Secretary of the Department of Defence (II)
- In office 17 November 1937 – 13 November 1939
- Preceded by: Malcolm Shepherd
- Succeeded by: Department abolished

Secretary of the Department of Defence Co-ordination
- In office 13 November 1939 – 14 April 1942
- Preceded by: Department established
- Succeeded by: Department abolished

Secretary of the Department of Home Security
- In office 1 July 1941 – December 1941
- Preceded by: Department established
- Succeeded by: Alexander Welch

Secretary of the Department of Defence (III)
- In office 14 April 1942 – 28 October 1956
- Preceded by: Department established
- Succeeded by: Sir Ted Hicks

Personal details
- Born: Frederick Geoffrey Shedden 8 August 1893 Kyneton, Victoria
- Died: 8 July 1971 (aged 77) East Melbourne, Victoria
- Spouse: Anne Cardno Edward (m. 1927)
- Alma mater: University of Melbourne
- Occupation: Public servant

= Frederick Shedden =

Australian public servant

Sir Frederick Geoffrey Shedden (8 August 1893 – 8 July 1971) was an Australian public servant who served as Secretary of the Department of Defence from 1937 to 1956.
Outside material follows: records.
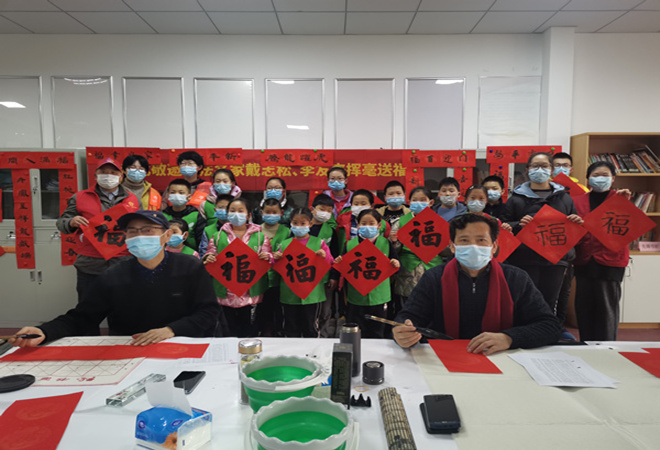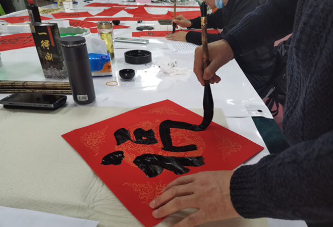 在活动现场,两位老师凝神聚气,提起毛笔挥豪泼墨,一幅幅龙飞凤舞、刚劲有力的书法跃然纸上,老师们把祝福一笔一画融入到书法作品中,红红的春联,浓浓的墨香,提前为春节增添了喜庆的气氛,让大家在墨香中感受到渐行渐近的浓浓年味。现场的老人和孩子们激动万分,跃跃欲试。一边围着老师体验书法的魅力,一边在老师和红管志愿者的引导下,拿起毛笔写起对联和“福”字。老少同乐迎新年,和两位老师一起共同完成了近30副春联和数十张“福”字,春联的美好寓意象征着新年的声声祝福。
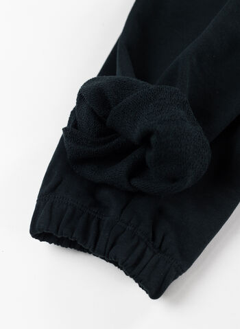 Elastico in vita con coulisse, tasche laterali e polsini a costine.
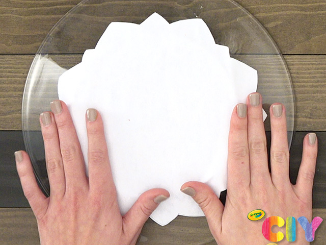 Turn a clear plate upside down. Using the plate for size reference, cut your coloring page into a unique design.
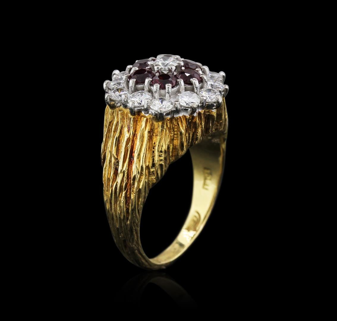 One electronically tested 18KT yellow gold ladies cast ruby and diamond ring. Identified with markings of "18K". Condition is very good. Containing: Six prong set round modified brilliant cut ramaura rubies, measuring 3.40 - 3.40 x 2.21 mm, approximate total weight of 1.26ct., clarity is moderately included, medium dark, very slightly brownish, strongly purplish red color, (GIA stpR 6/3), cut is good. Thirteen prong set round brilliant cut diamonds, measuring 3.40 - 3.40 x 2.04mm (depth est.) approximate total weight of 13 Stones = 1.87ct. Clarity: SI-1 to SI-2. Color: H - I, Cut is Good. Diamonds and colored gemstones are graded in the mounting, unless otherwise stated. Colored gemstones are presumed to have been subjected to commonly used enhancement processes. Total Weight of Colored Stones 1.26ct. Total Weight of Diamonds 1.87ct. Total Weight of Ring 12.70 grams. GGL Appraised at $5,050.00.
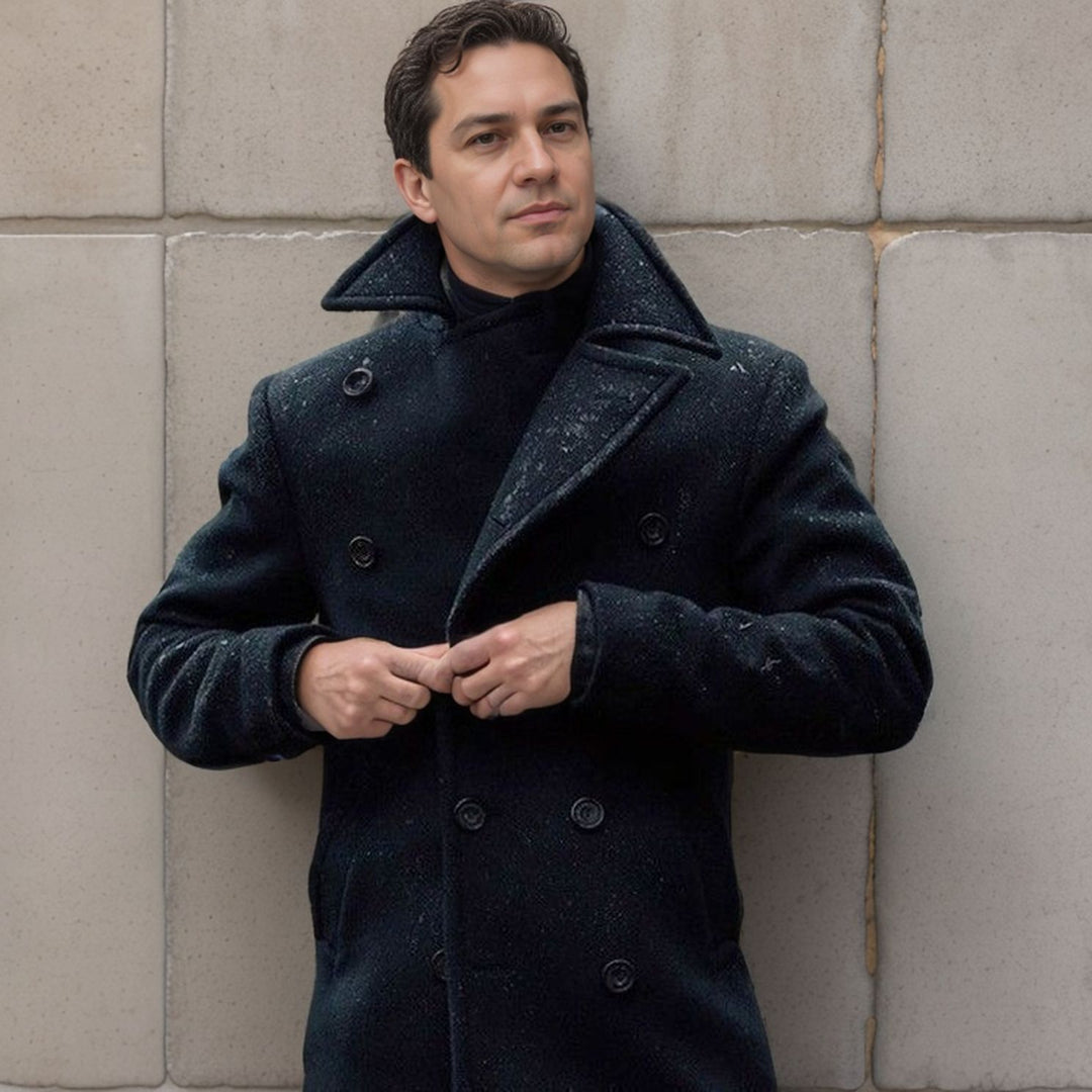 Herren eleganter Woll-Dufflecoat mit doppelter Knopfreihe und praktischen Taschen Aliams
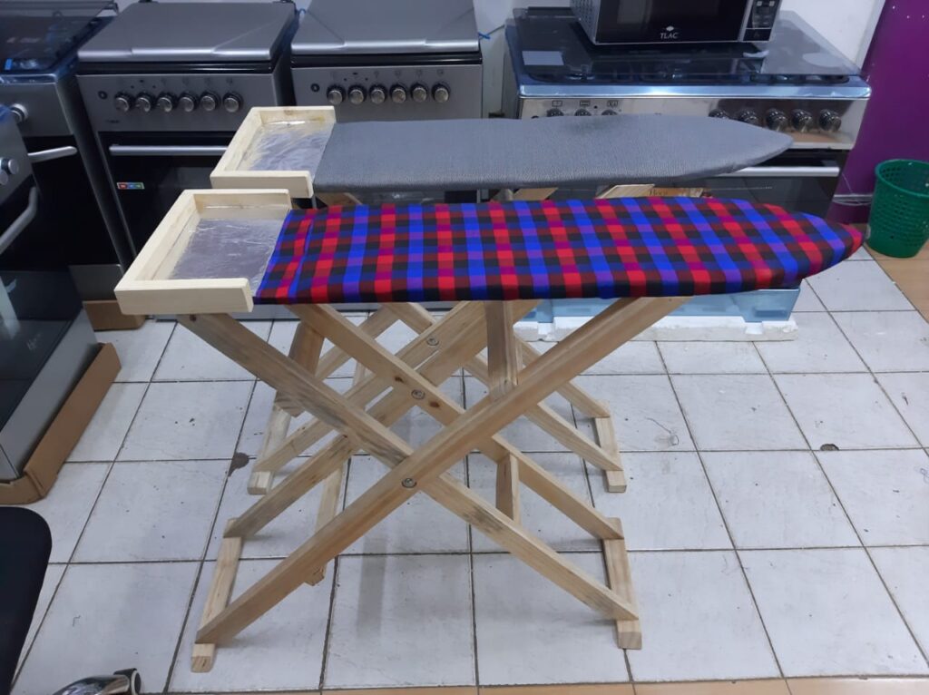 Has a small extension meant for the ironing box during ironing to prevent contact with other fabrics which might cause accidental fires and ultimately damage of the fabrics. Has good height hence you don’t need to bend so much, which is also adjustable. The top is made of spongy material.
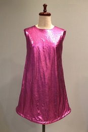 メタリックのシンプルラインのワンピースの裾にソフトなチューブを使い、立体的にしました。
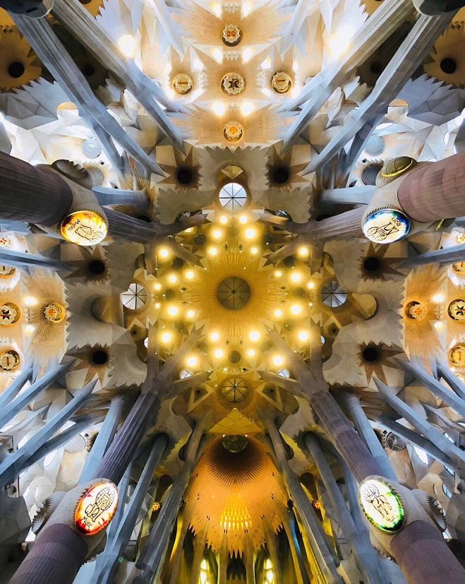 除了令人震撼的高度,富有設(shè)計(jì)感的幾何圖案細(xì)節(jié),圣家堂內(nèi)部的光影效果,更是增強(qiáng)了圣家族大教堂的感染力與莊嚴(yán)感。
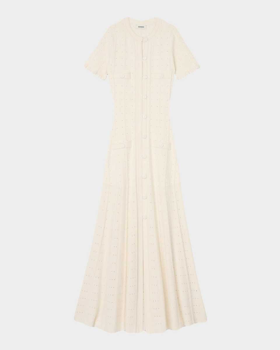 Sandro "Milo" knit dress finished with decorative stitching Round neckline; button fastening Short ruffled sleeves Welt mock pockets with press studs Hem falls below the knee Aline silhouette Viscose/nylon/polyamide/elastane Unlined Hand wash or dry clean Imported

==Background and early life==
Frederick Shedden was born 8 August 1893 in Kyneton, Victoria. His father was George Shedden, a wheelwright born in Victoria. His mother was Sarah Elizabeth (née Grey) from England. He was the youngest of five children.

His was schooled at Kyneton State and Kyneton Grammar schools.

==Career==
After placing very high in the Commonwealth Public Service examination, in March 1910 Shedden began his career in the Department of Defence at Victoria Barracks, Melbourne. He also studied law at Melbourne University, but the outbreak of World War One ended his studies.

On 19 March 1917 he was appointed a lieutenant in the Australian Army Pay Corps. He served as the 4th Australian Divisions acting paymaster in August. On his return home he was discharged from the Australian Imperial Force on 24 December 1917.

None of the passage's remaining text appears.